The facts are stated in the opinion of the court. Messrs. Francis X. Busch and Albert H. Veeder, for plaintiff in error:

The averment that the ordinances of the city of Chicago are not suited to the erection of a county jail is a mere conclusion of the pleader.

Buckley v. Eisendrath, 58 Ill. App. 364; People ex rel. Dix v. Chicago, 27 Ill. App. 217; Rockford City R. Co. v. Matthews, 50 Ill. App. 267.

Grants of power to a county are strictly construed, and only such powers as are expressly conferred or are necessarily implied from the powers. granted may be exercised by it.

Dahnke v. People, 168 Ill. 102, 39 L.R.A. 197, 48 N. E. 137; Cook County v.

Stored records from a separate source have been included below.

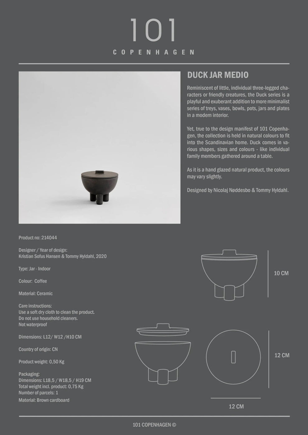 The 101 Copenhagen Duck Jar brings sculptural storage to any space, delivering contemporary elegance that works perfectly for organizing essentials, displaying collections, or simply adding organic character to kitchen counters, bathroom vanities, or shelving arrangements. The coffee finish adds rich warmth and sophisticated depth while providing the perfect vessel for everything from pantry staples to decorative objects or everyday storage needs. What's particularly appealing about the Duck is how its flowing, organic form manages to feel both naturally inspired and artistically refined, creating substantial visual interest without overwhelming intimate spaces or disrupting clean surface compositions. The construction quality becomes evident through daily use, with the coffee finish maintaining its beautiful appearance through regular interaction with contents, cleaning, and environmental changes. The carefully considered proportions work beautifully for different storage needs - spacious enough for practical organization while sized appropriately for residential surfaces and display areas. The smooth interior makes filling and cleaning effortless, while the organic form provides natural grip areas that make handling comfortable and secure. The sculptural curves create visual interest while maintaining functional reliability. The jar encourages versatile storage rather than single-purpose treatment, offering reliable organization for everything from kitchen ingredients to bathroom essentials while celebrating the inherent beauty of organic design. 101 Copenhagen approaches functional storage with the understanding that contemporary containers should enhance both practical utility and natural sophistication. They recognize that the best organizational objects serve as both useful vessels and sculptural elements while maintaining the organic design qualities that make statement accessories feel fresh and timeless. The Duck Jar collection reflects this philosophy perfectly, creating pieces that honor both natural form and practical function while providing the versatility and visual appeal that make artistic storage essential for how people actually want to organize and display in their contemporary homes.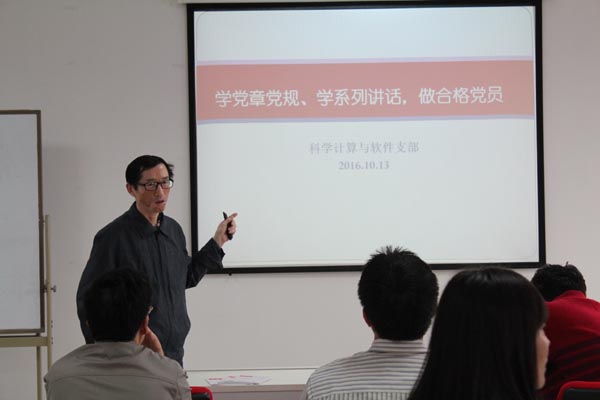 10月13日下午,为更好的推动学院“两学一做”学习教育,beat365中文官方网站各教工党支部分别召开了“两学一做”系列党课,在全院形成了多个党课会场同时学习的热烈场面。行政机关党支部开展的是关于中国共产党在廉洁自律方面的要求,并且集中学习和讨论了《中国共产党纪律处分条例》,结合工作生活中的实例和时事,谈了自己的看法。基础数学党支部结合党章具体要求,讲了一流大学建设过程中,如何做优秀的合格党员。金融研究院党支部进一步深入学习了习近平总书记的讲话,联系工作中的实际,展开了热烈的讨论和交流。运筹党支部、应用数学党支部、计算数学党支部、概率统计党支部、控制党支部书记都分别紧扣“两学一做”中的重要专题,运用身边实例,给支部党员们上了生动的党课。
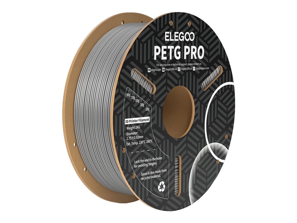 Filament ELEGOO PETG Pro je vynikajúcou voľbou pre tých, ktorí hľadajú materiál s vysokou mechanickou a tepelnou odolnosťou, ktorý sa zároveň ľahko tlačí. Poskytuje výnimočnú trvanlivosť, nízku náchylnosť k deformácii a vynikajúcu priľnavosť fólie, takže je ideálna na vytváranie technických súčastí, použiteľných prototypov a dielov vystavených náročnému používaniu.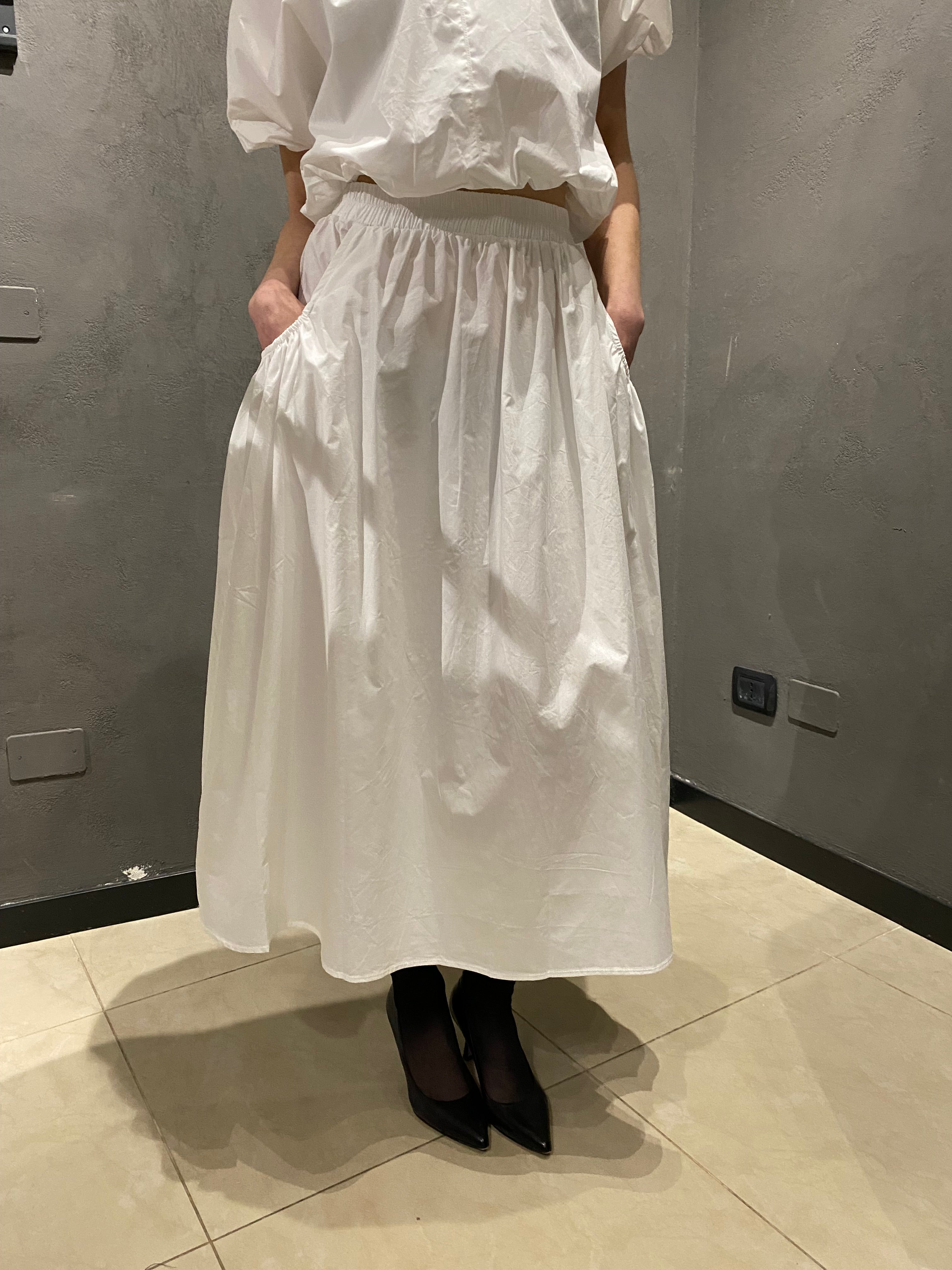 Prezzo normale €54,99 EURPrezzo scontato €54,99 EUR Prezzo normalePrezzo unitario perGONNA BALOON Gonna lunga bianca con silhouette a palloncino. Tessuto leggero effetto popeline di cotone. Vita elasticizzata arricciata per comfort e volume. Tasche laterali a filo pratiche e discrete. Stile...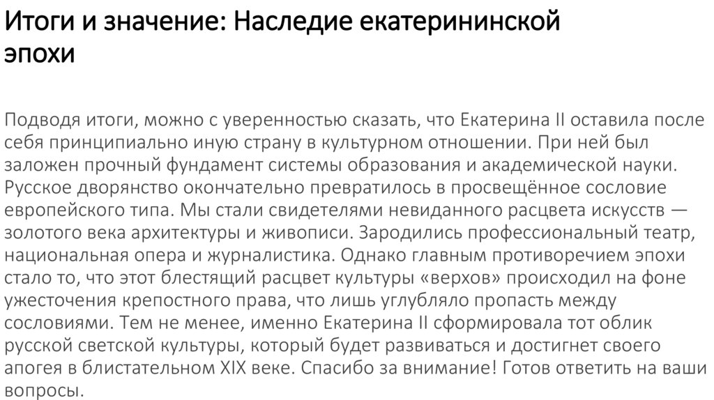 Подводя итоги, можно с уверенностью сказать, что Екатерина II оставила после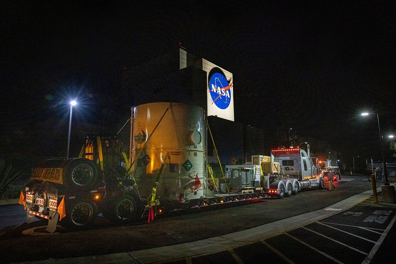 The main body of NASA's Europa Clipper spacecraft is seen in its shipping container as it rolls into the agency's Jet Propulsion Laboratory in Southern California. Over the next two years, engineers and technicians will finish assembling the craft by hand. Then it will be tested to make sure it can withstand the journey to Jupiter's icy moon Europa.
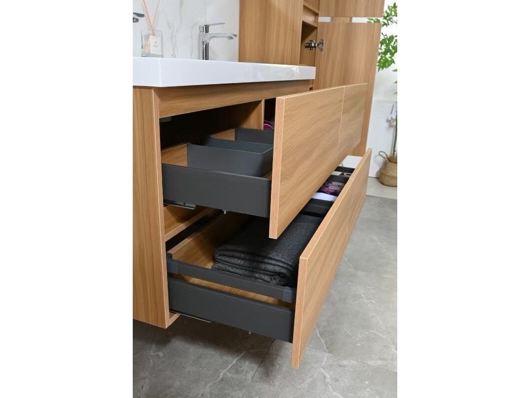120 cm - Licht hout decor + witte dubbele wasbak - Incl. kranen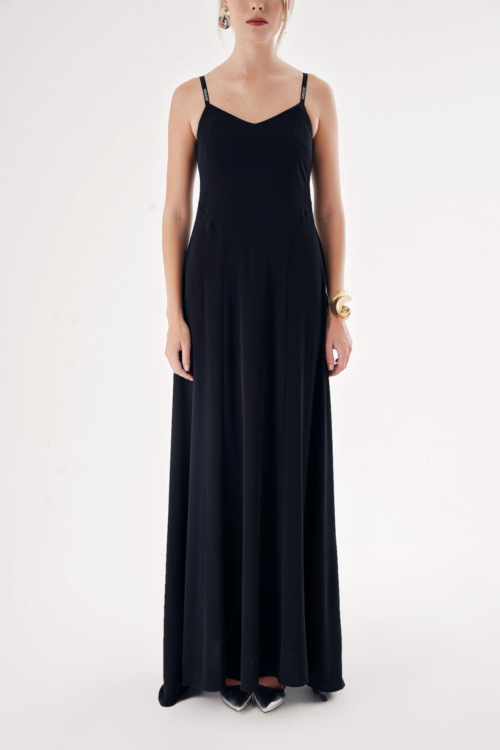 Siyah Askılı taş detaylı rahat godeli elbise 94457
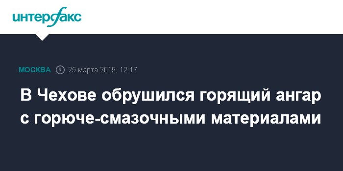 Москва. 25 марта. INTERFAX.RU - В подмосковном Чехове обрушился ангар с горюче-смазочными материалами, загоревшийся в понедельник утром, сообщает МЧС.

Gilbert, 146 Ill. 268, 33 N. E. 761; Cook County v. Lowe, 23 Ill. App. 649; Hardin County v. McFarlan, 82 Ill. 138.

When an ordinance is duly passed in pursuance of a lawful grant of power by the legislature, it has the same force and effect as a statute.

King v. Davenport, 98 Ill. 305, 38 Am. Rep. 89; Hope v. Alton, 214 Ill. 102, 73 N. E. 406; Flanagan v. Chicago City R. Co. 243 Ill. 456, 90 N. E. 688.

The city ordinances in regard to fire prevention governing jails and buildings within the city limits, having the force of statutes, are special in their character as prescribing fire regulations; the statute granting power to the county to "erect a jail" is couched in the most general terms, and in no wise does it specifically grant the county any police power to specify minimum safety requirements from fire hazards.

People ex rel. Conlon v. Mount, 87

Ill. App. 194; Ridgway v. Gallatin
County, 181 Ill. 521, 55 N. E. 146;
Lewis v. Cook County, 72 Ill. App. 151.

Two municipal corporations may exercise jurisdiction over the same territory for different purposes.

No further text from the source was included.